— RECORD SET —
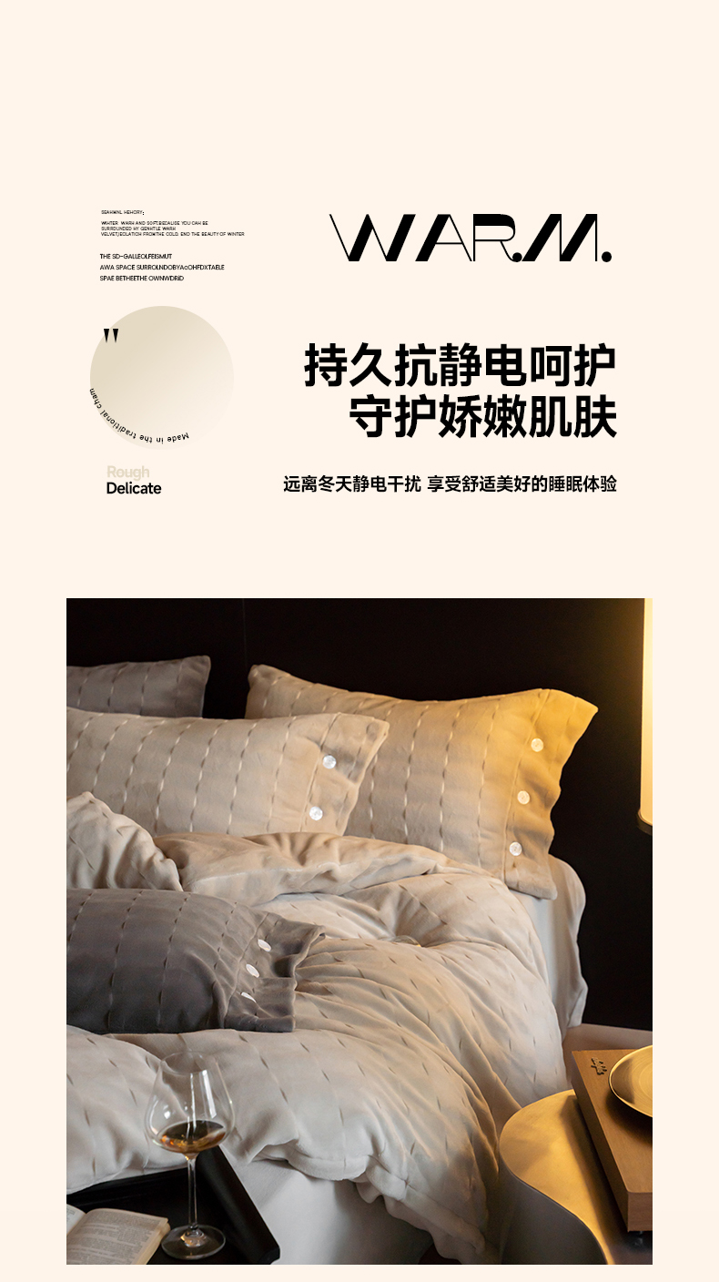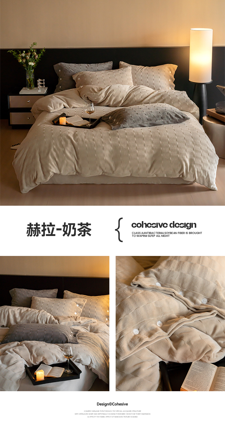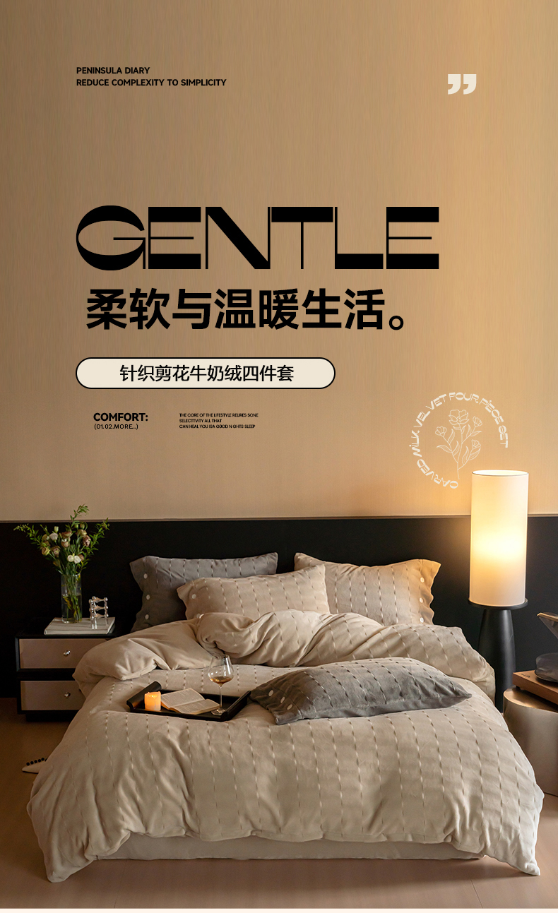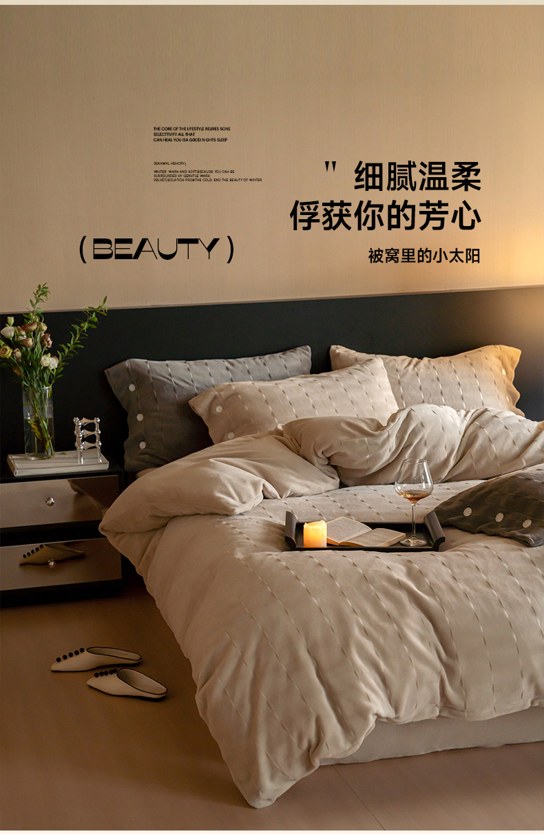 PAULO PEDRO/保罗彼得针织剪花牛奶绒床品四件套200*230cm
...
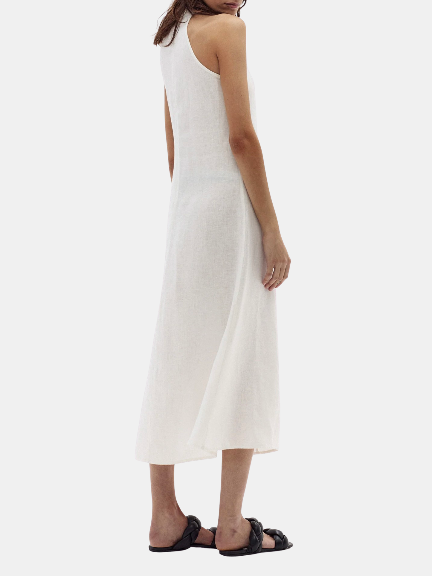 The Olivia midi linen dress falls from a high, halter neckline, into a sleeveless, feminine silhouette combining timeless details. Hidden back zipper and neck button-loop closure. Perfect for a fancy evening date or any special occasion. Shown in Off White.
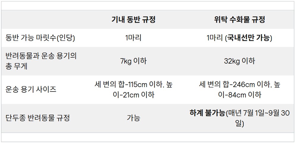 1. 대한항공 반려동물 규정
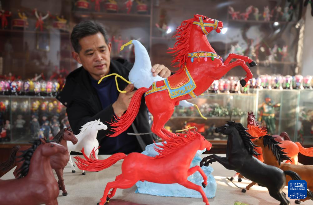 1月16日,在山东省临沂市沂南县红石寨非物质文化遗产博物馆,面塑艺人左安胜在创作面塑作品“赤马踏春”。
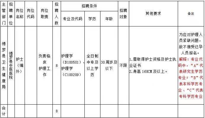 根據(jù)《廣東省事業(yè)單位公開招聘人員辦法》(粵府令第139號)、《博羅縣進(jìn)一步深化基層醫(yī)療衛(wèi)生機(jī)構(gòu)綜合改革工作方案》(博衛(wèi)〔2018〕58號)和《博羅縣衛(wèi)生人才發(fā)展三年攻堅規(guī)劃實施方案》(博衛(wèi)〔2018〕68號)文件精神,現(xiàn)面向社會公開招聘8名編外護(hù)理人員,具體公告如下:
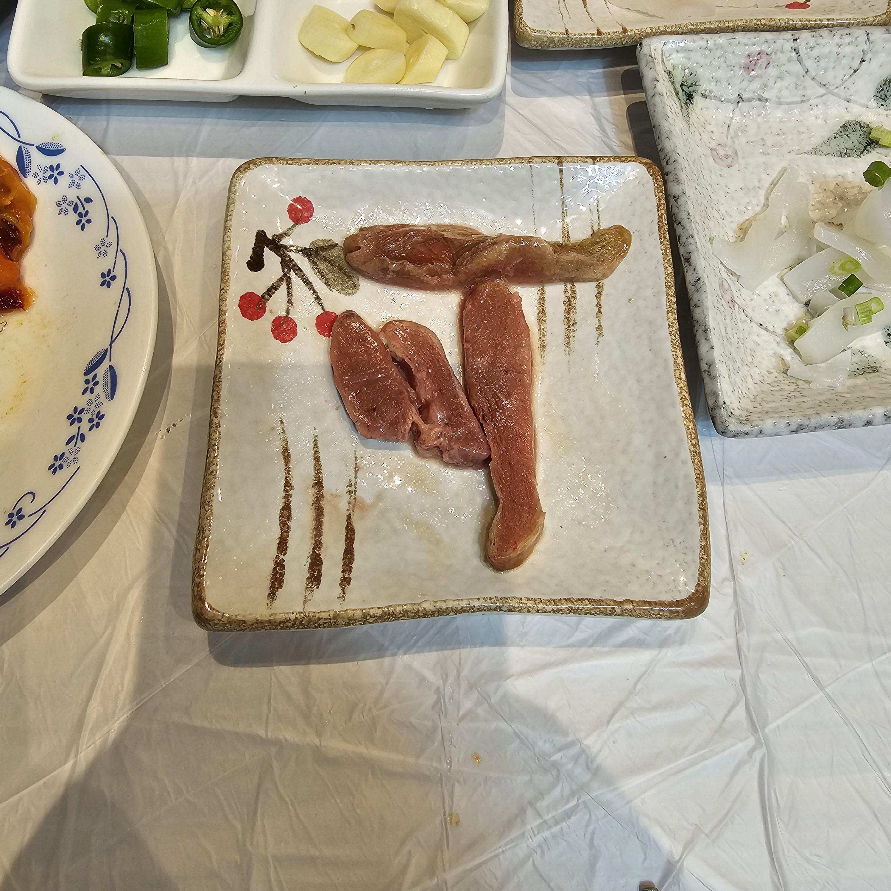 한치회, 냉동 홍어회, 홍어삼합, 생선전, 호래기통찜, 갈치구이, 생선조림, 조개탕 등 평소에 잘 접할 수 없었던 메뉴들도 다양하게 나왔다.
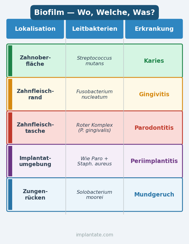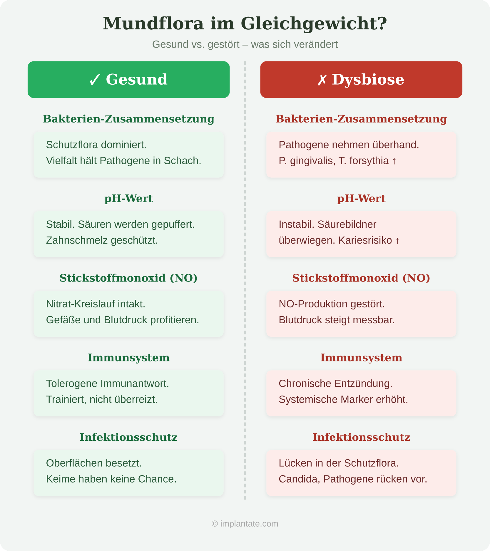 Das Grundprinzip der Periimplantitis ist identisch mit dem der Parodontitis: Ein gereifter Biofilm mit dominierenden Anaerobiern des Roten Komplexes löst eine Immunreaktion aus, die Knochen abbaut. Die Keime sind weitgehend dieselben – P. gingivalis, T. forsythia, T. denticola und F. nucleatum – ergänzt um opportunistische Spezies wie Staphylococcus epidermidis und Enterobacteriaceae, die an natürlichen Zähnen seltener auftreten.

— WHAT YOU SHOULD DO —
Using the entries above, repeat exactly the lines from the one with "1月16日,在山东省临沂市沂" to the one with "Das Grundprinzip der", both included, and leave the pictures behind.

— PROBLEM SOLUTION —
 1月16日,在山东省临沂市沂南县红石寨非物质文化遗产博物馆,面塑艺人左安胜在创作面塑作品“赤马踏春”。
 根據(jù)《廣東省事業(yè)單位公開招聘人員辦法》(粵府令第139號)、《博羅縣進(jìn)一步深化基層醫(yī)療衛(wèi)生機(jī)構(gòu)綜合改革工作方案》(博衛(wèi)〔2018〕58號)和《博羅縣衛(wèi)生人才發(fā)展三年攻堅規(guī)劃實施方案》(博衛(wèi)〔2018〕68號)文件精神,現(xiàn)面向社會公開招聘8名編外護(hù)理人員,具體公告如下:
 한치회, 냉동 홍어회, 홍어삼합, 생선전, 호래기통찜, 갈치구이, 생선조림, 조개탕 등 평소에 잘 접할 수 없었던 메뉴들도 다양하게 나왔다.
 Das Grundprinzip der Periimplantitis ist identisch mit dem der Parodontitis: Ein gereifter Biofilm mit dominierenden Anaerobiern des Roten Komplexes löst eine Immunreaktion aus, die Knochen abbaut. Die Keime sind weitgehend dieselben – P. gingivalis, T. forsythia, T. denticola und F. nucleatum – ergänzt um opportunistische Spezies wie Staphylococcus epidermidis und Enterobacteriaceae, die an natürlichen Zähnen seltener auftreten.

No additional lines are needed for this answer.